A kind of equipment fault detection method based on acoustic feature

Technical field

The present invention relates to fault detection technique field, specially a kind of equipment fault detection method based on acoustic feature.

Background technique

Power equipment, which breaks down, refers to that the working condition of electric system is abnormal, and the partial function of power equipment loses Effect or the performance indicator of power equipment exceed its rated range, are usually thus that power equipment enters malfunction.Electricity Structure is complicated for power equipment, and at runtime, system easily breaks down.Failure cause is primarily referred to as in the device operating conditions, Physics, chemistry, biology or the mechanical process for causing power equipment to fail, such as burn into creep, abrasion, heated, aging Deng.
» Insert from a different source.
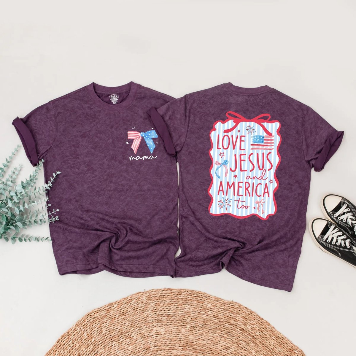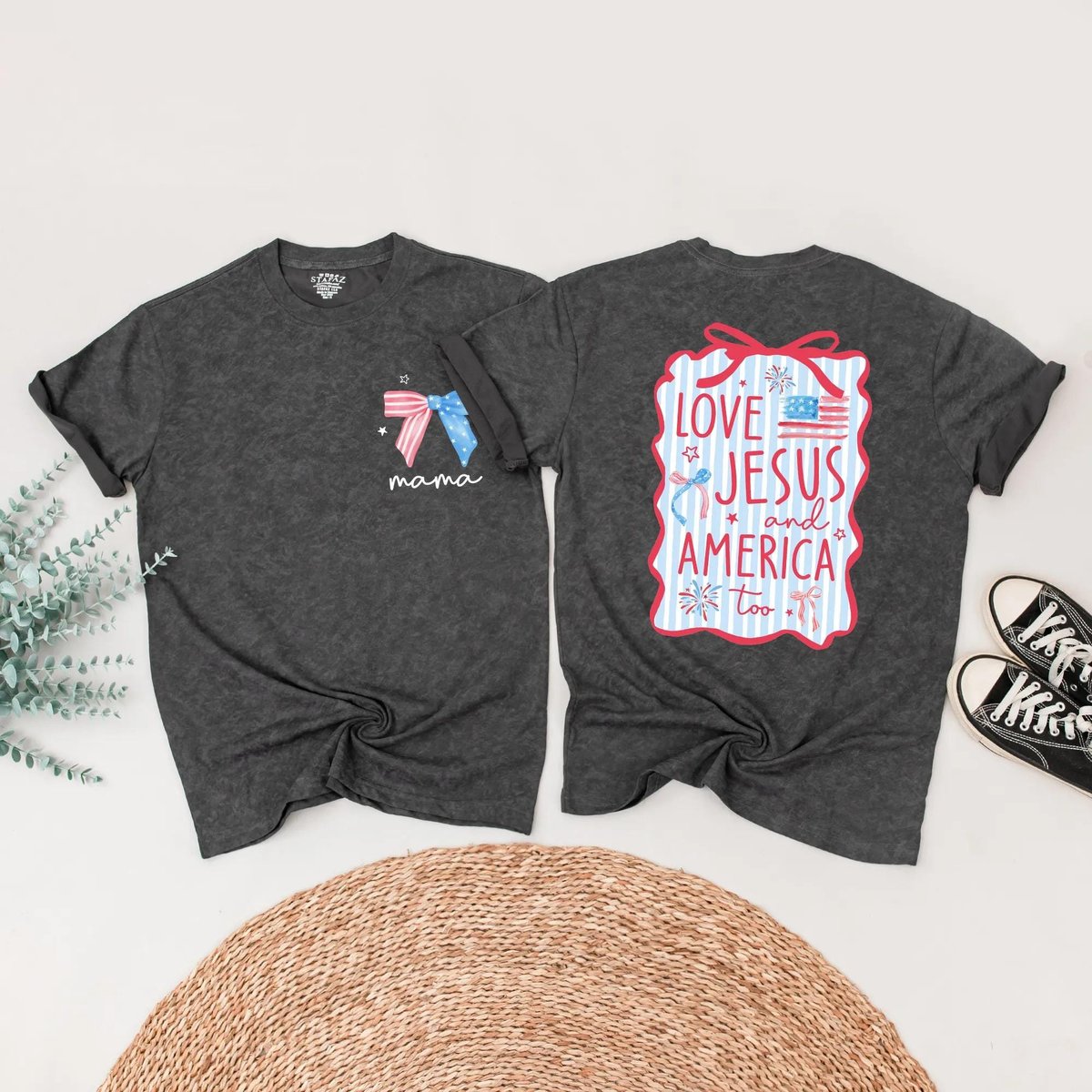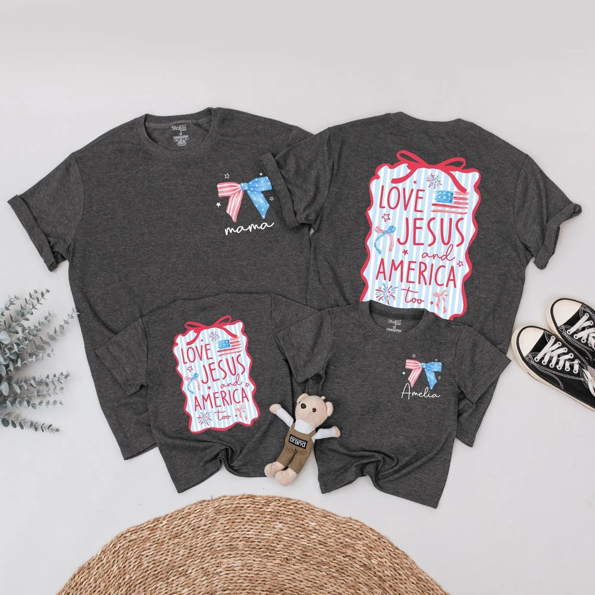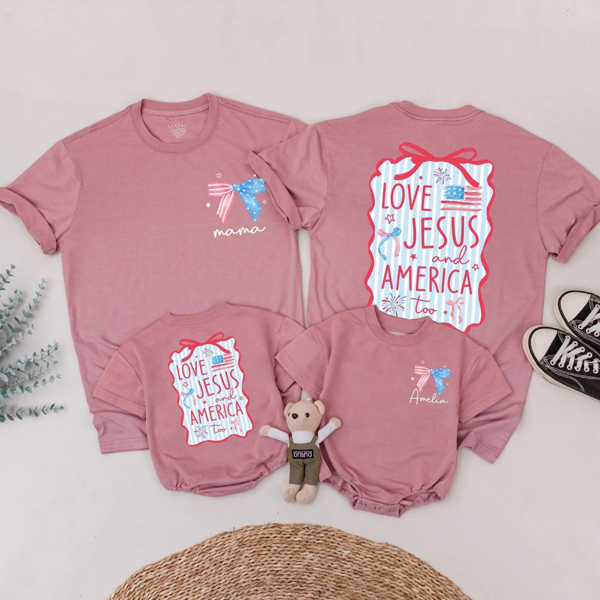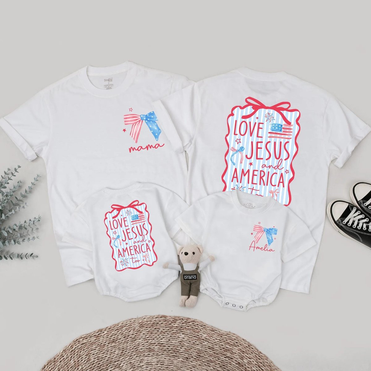Personalized Love Jesus and America Too Matching Outfit Independence Day Bow Shirt 4th of July Baby 430

In the prior art, Fault Diagnosis for Electrical Equipment and the most common method of state-detection are exactly electrical measurements, But electrical quantity generally can not significantly characterize electrical equipment fault information, and this parameter is relatively difficult to detect, it is difficult to quasi- Really timely judge equipment fault type and information, and power equipment can work normally before breaking down and electrical quantity does not have There is too big variation.

Summary of the invention

(1) the technical issues of solving

In view of the deficiencies of the prior art, the equipment fault detection method based on acoustic feature that the present invention provides a kind of, solution It has determined in the prior art, Fault Diagnosis for Electrical Equipment and the most common method of state-detection are exactly electrical measurements, still Electrical quantity generally can not significantly characterize electrical equipment fault information, and this parameter is relatively difficult to detect, it is difficult to it is accurate and When judgement equipment fault type and information, and power equipment can work normally before breaking down and electrical quantity is without too Big variation issue.

(2) technical solution

In order to achieve the above object, the present invention is achieved by the following technical programs: a kind of interference sound separation calculation method, Using following steps:

S11, using kurtosis as the measurement of signal non-Gaussian system, specific algorithm is as follows:

Kurt (x)=E (x⁴)-3(E(x²))²；

S12, the algorithm based on negentropy maximum direction is realized and sequentially extracts Independent sources signal, and specific algorithm is as follows:

J (x)=H (x_gauss)-H(x)；

S13, the negentropy independent element for finding isolated component, concrete operations are as follows:

S13.1, centralization is carried out to data, makes its mean value 0,；Whitened data provides z；

S13.2, the initialization vector w for choosing a unit norm placed in the middle, can randomly select；

S13.3, w is updated, with following formula:

w←w-E{zg(w^Tz)}-E{g′(w^Tz)}w

S13.4 standardizes w, with following formula:

w←w/||w||

The loop iteration if not restraining, until convergence；

S14, estimated with the average value of sample, then using Orthogonal Symmetric estimate multiple isolated components negentropy it is independent at Point, concrete operations are as follows:

S14.1, centralization is carried out to data, makes its mean value 0；Whitened data provides z；

S14.2, selection m, that is, the isolated component number for needing to estimate；

S14.3, all wi of initialization, wherein each wi has unit norm.Then with the method for the 5th step to matrix It is orthogonalized；

S14.4, each wi is updated, with following formula:

S14.5, Orthogonal Symmetric is carried out to matrix W, with following formula:

W←(WW^T)^-1/2W

W=(w_I..., w_m)^T

If S14.6, do not restrained, return step S14.4.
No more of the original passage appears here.